- Data -

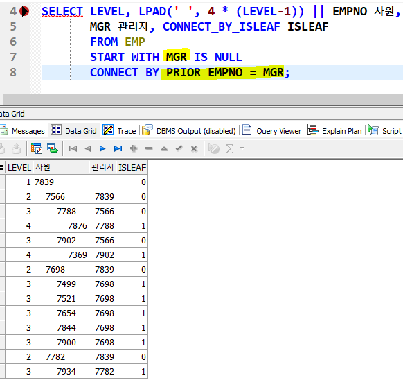 이역시 마찬가지로 START WITH MGR IS NULL 이라는 구문을 통해 최상위 루트 데이터부터 전개를 시작할 것임을 알 수 있으며,
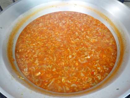 今日のミネストローネには、鶏肉とキャベツ、たまねぎ、にんじん、トマトなどの野菜を使っています。
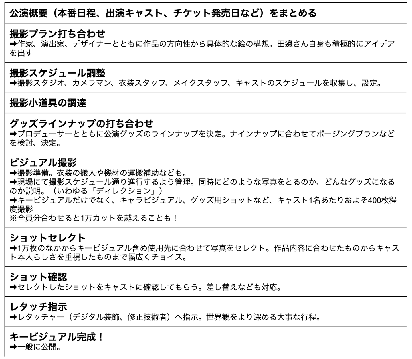 公演の顔となるキービジュアル。作品の内容も想起させつつ、主要キャストの魅力もふんだんに表現するために、田邊さんが行っていることを時系列で並べてみた。
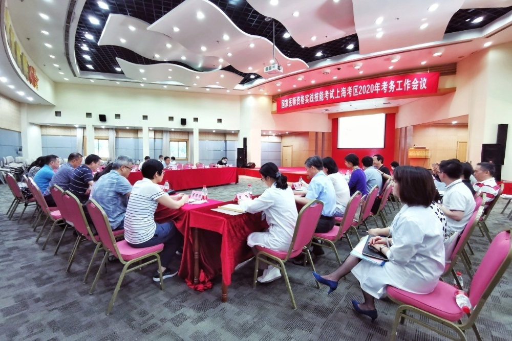 2020年6月19日,国家医师资格实践技能考试考务会议在上海长海医院顺利召开。市卫健委医政医管处吴宏处长、市中医药发展办公室管红叶副处长出席会议,市卫生人才交流服务中心吴晓东主任主持会议。各类别首席考官、各基地考务负责人及相关区卫健委医政部门工作人员,近50人参加会议。
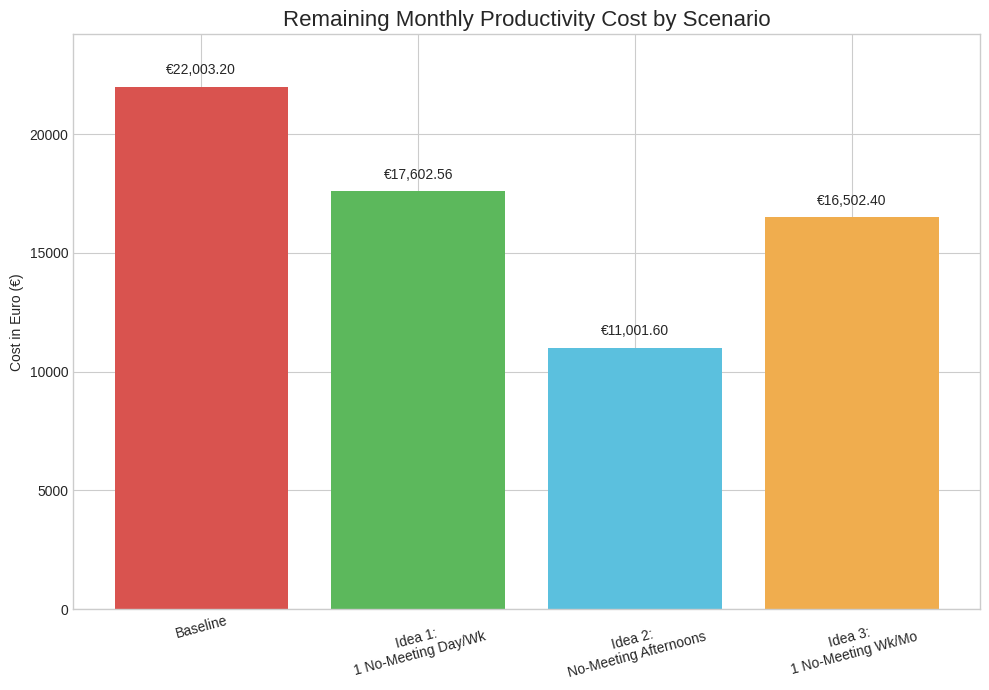 - Total Lost Productivity Cost (Direct Cost of Meetings + Cost of Context Switching): 22,003.20 euro

- Goal of the exercise -
For this task, give the full listing again verbatim and keep out every picture.

- Finished exercise -
 이역시 마찬가지로 START WITH MGR IS NULL 이라는 구문을 통해 최상위 루트 데이터부터 전개를 시작할 것임을 알 수 있으며,
 今日のミネストローネには、鶏肉とキャベツ、たまねぎ、にんじん、トマトなどの野菜を使っています。
 公演の顔となるキービジュアル。作品の内容も想起させつつ、主要キャストの魅力もふんだんに表現するために、田邊さんが行っていることを時系列で並べてみた。
 2020年6月19日,国家医师资格实践技能考试考务会议在上海长海医院顺利召开。市卫健委医政医管处吴宏处长、市中医药发展办公室管红叶副处长出席会议,市卫生人才交流服务中心吴晓东主任主持会议。各类别首席考官、各基地考务负责人及相关区卫健委医政部门工作人员,近50人参加会议。
 - Total Lost Productivity Cost (Direct Cost of Meetings + Cost of Context Switching): 22,003.20 euro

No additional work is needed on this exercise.